- _Supplied data_
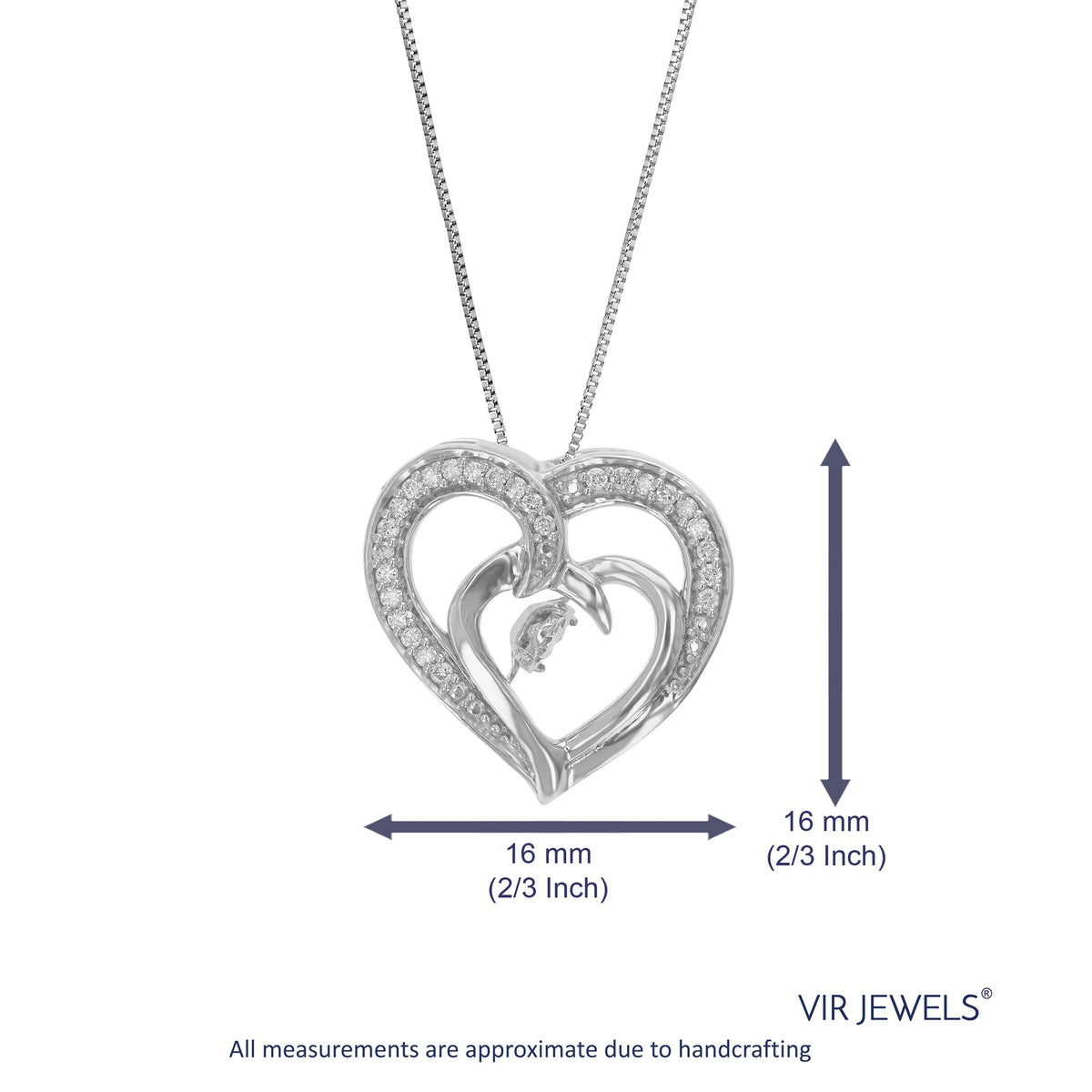 This 1/6 cttw Lab Grown Diamond Double Heart Pendant Necklace by Vir Jewels beautifully symbolizes love and connection. The interlocking heart design, adorned with 27 sparkling lab-grown diamonds, creates a timeless and sentimental look. Suspended from a delicate sterling silver chain, this pendant is a meaningful piece perfect for gifting or everyday wear. The brilliant prong-set diamonds enhance the pendant’s allure, making it a cherished keepsake.
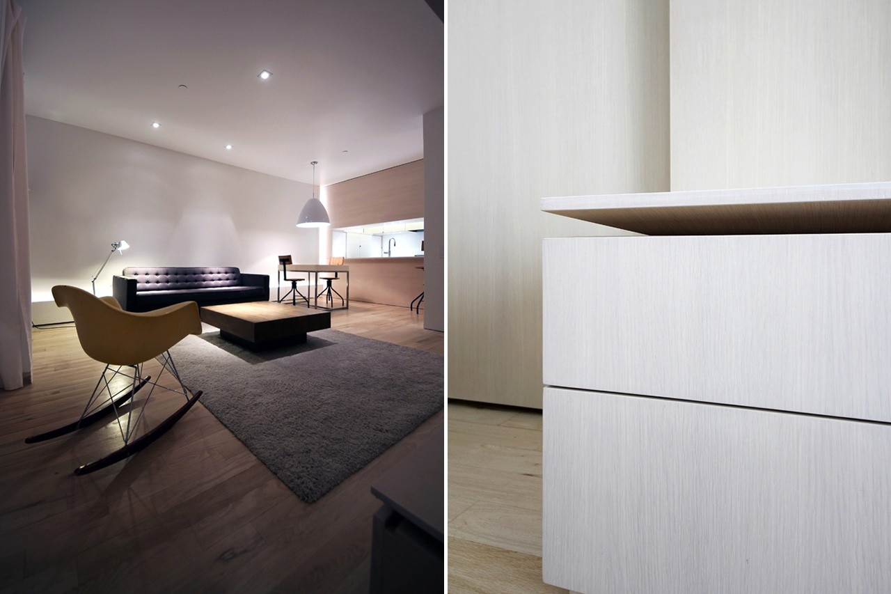 There are white-washed wood panel, bleached oak floor and white color for stone and wall throughout the apartment. It gives minimal, consistent and pure feeling of the space. Tapered and slim edge details are also consistent detail elements to emphasize minimal and sensitive design expression. Wood base, vanity mirror frame, window trim, book shelf and kitchen counter have tapered shape.
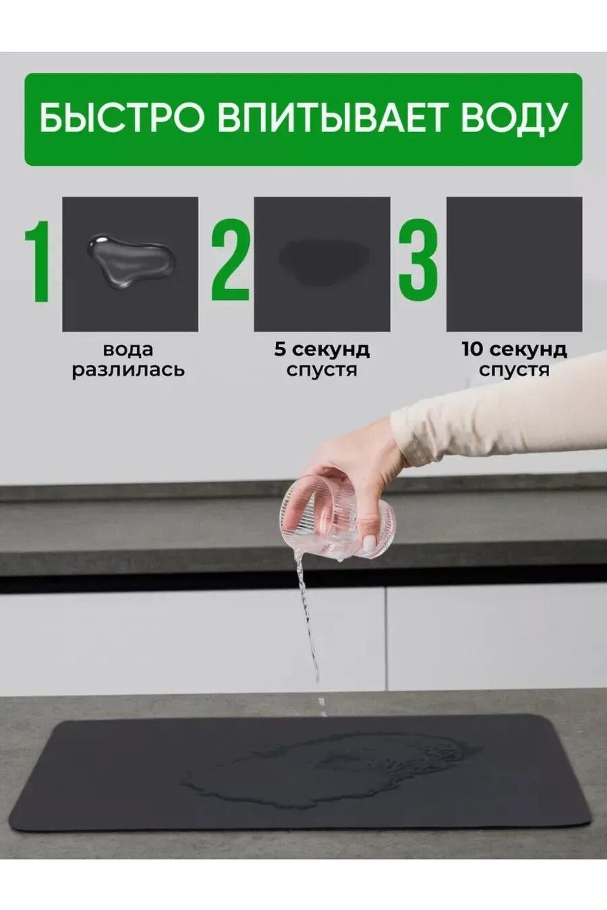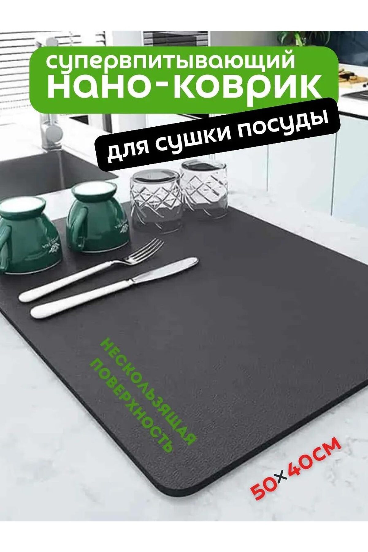 Нано коврик выполнен из вспененной противоскользящей резиновой основы, поглощающей воду. Прорезиненный водонепронецаемый низ ковра обеспечивает антискользящий и защитный от размокания столешницы эффект. В состав входит диатомитовый слой - это современный влаговпитывающий и антибактериальный нана материал. Его гидрофобная текстура помогает влаге испаряться быстрее, чем обычно, а тканевая впитывающая поверхность из микрофибры способствуют быстрому высыханию. Прекрасно заменит не удобное мокрое кухонное полотенце. Положите эту подложку на стол у раковины или используйте для разморозки продуктов, мяса, для сушки овощей. Подойдет не только как настольная сушилка на кухню у мойки, но и как подстилка на стиральную машину, и как подставка под поддон для тарелок и других столовых приборов. Большой размер 50х40 см позволяет подрезать коарик как хочется, даже на маленький столик. Наноковрик - универсальный подарок для любой домохозяйки на день рождения, новый год или 8 марта. Этот экоковрик незаменимый помощник для мытья посуды, уборки и порядка в доме. Где использовать: Как коврик под посуду и столовые приборы Для размораживания мяса и полуфабрикатов Подложка на стол или стиральную машину Как поддон под сушилку для посуды Альтернатива мокрому полотенцу и тряпкам Подарок для хозяйки: отличный выбор на 8 марта, Новый год, день рождения. Размер: 5040 см (можно подрезать по размеру стола) Материал: микрофибра + диатомит + прорезиненная подложка Быстро впитывает и высыхает, не оставляя запахов и влаги
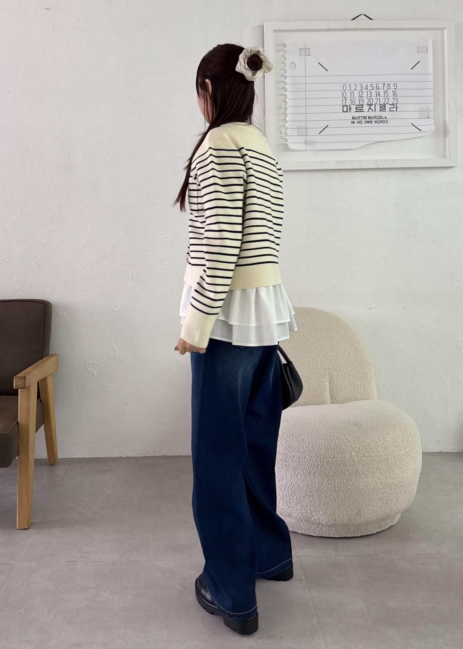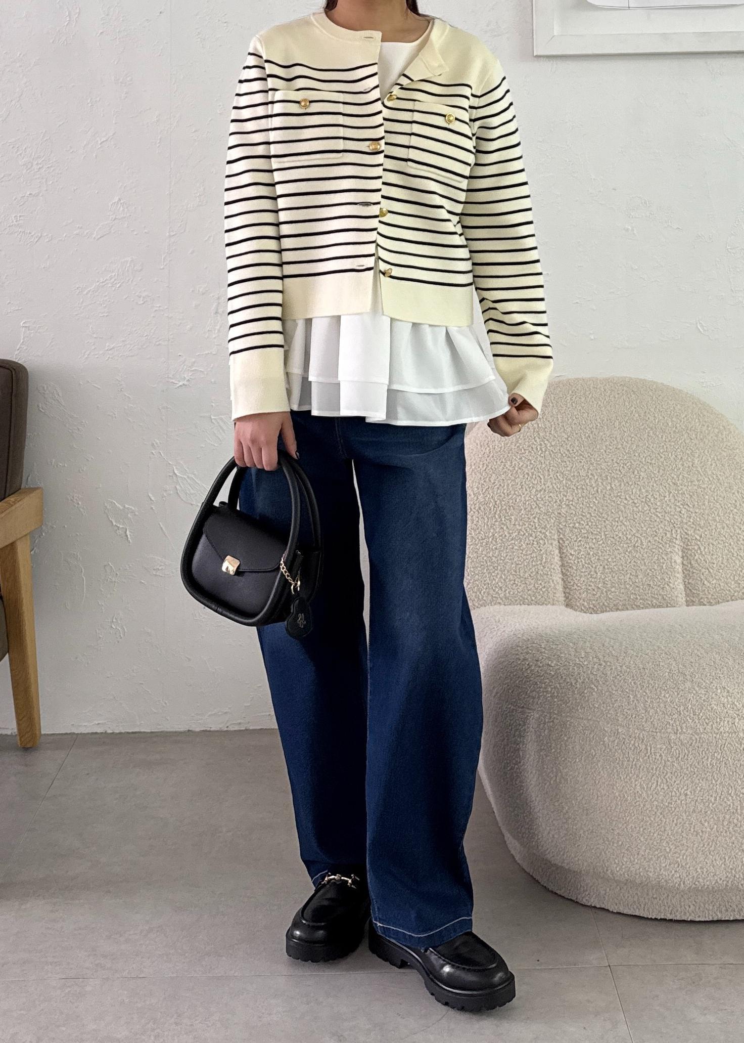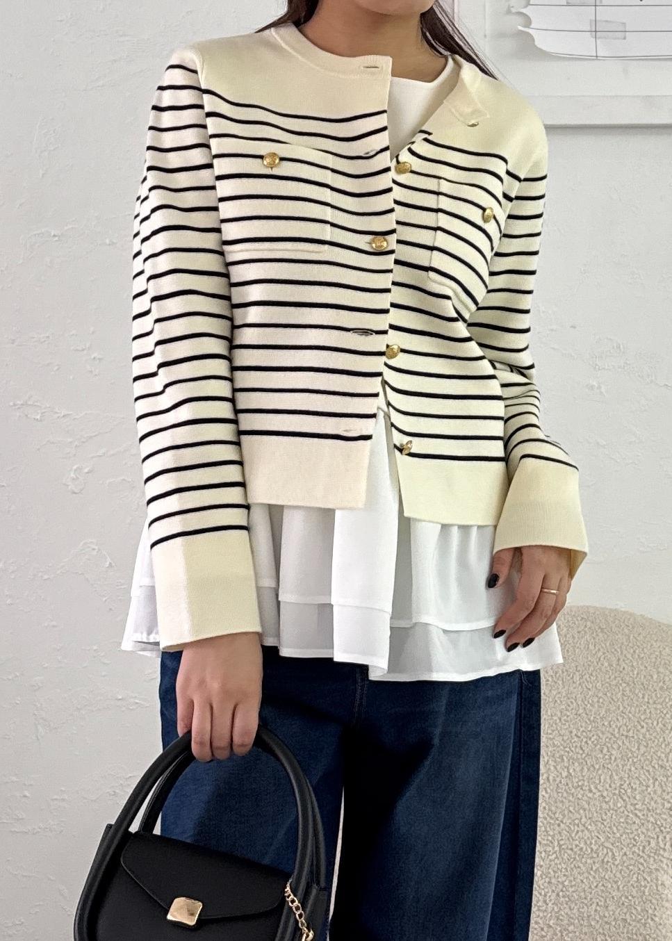 金ボタンとボーダーがフレンチシックで上品な印象のカーディガンにペプラム丈のトップスをレイヤードしたトレンド感のあるコーディネートです。

- _Goal of the exercise_
Return each of the lines exactly as they appear above, with no images.

- _Answer section_
 This 1/6 cttw Lab Grown Diamond Double Heart Pendant Necklace by Vir Jewels beautifully symbolizes love and connection. The interlocking heart design, adorned with 27 sparkling lab-grown diamonds, creates a timeless and sentimental look. Suspended from a delicate sterling silver chain, this pendant is a meaningful piece perfect for gifting or everyday wear. The brilliant prong-set diamonds enhance the pendant’s allure, making it a cherished keepsake.
 There are white-washed wood panel, bleached oak floor and white color for stone and wall throughout the apartment. It gives minimal, consistent and pure feeling of the space. Tapered and slim edge details are also consistent detail elements to emphasize minimal and sensitive design expression. Wood base, vanity mirror frame, window trim, book shelf and kitchen counter have tapered shape.
 Нано коврик выполнен из вспененной противоскользящей резиновой основы, поглощающей воду. Прорезиненный водонепронецаемый низ ковра обеспечивает антискользящий и защитный от размокания столешницы эффект. В состав входит диатомитовый слой - это современный влаговпитывающий и антибактериальный нана материал. Его гидрофобная текстура помогает влаге испаряться быстрее, чем обычно, а тканевая впитывающая поверхность из микрофибры способствуют быстрому высыханию. Прекрасно заменит не удобное мокрое кухонное полотенце. Положите эту подложку на стол у раковины или используйте для разморозки продуктов, мяса, для сушки овощей. Подойдет не только как настольная сушилка на кухню у мойки, но и как подстилка на стиральную машину, и как подставка под поддон для тарелок и других столовых приборов. Большой размер 50х40 см позволяет подрезать коарик как хочется, даже на маленький столик. Наноковрик - универсальный подарок для любой домохозяйки на день рождения, новый год или 8 марта. Этот экоковрик незаменимый помощник для мытья посуды, уборки и порядка в доме. Где использовать: Как коврик под посуду и столовые приборы Для размораживания мяса и полуфабрикатов Подложка на стол или стиральную машину Как поддон под сушилку для посуды Альтернатива мокрому полотенцу и тряпкам Подарок для хозяйки: отличный выбор на 8 марта, Новый год, день рождения. Размер: 5040 см (можно подрезать по размеру стола) Материал: микрофибра + диатомит + прорезиненная подложка Быстро впитывает и высыхает, не оставляя запахов и влаги
 金ボタンとボーダーがフレンチシックで上品な印象のカーディガンにペプラム丈のトップスをレイヤードしたトレンド感のあるコーディネートです。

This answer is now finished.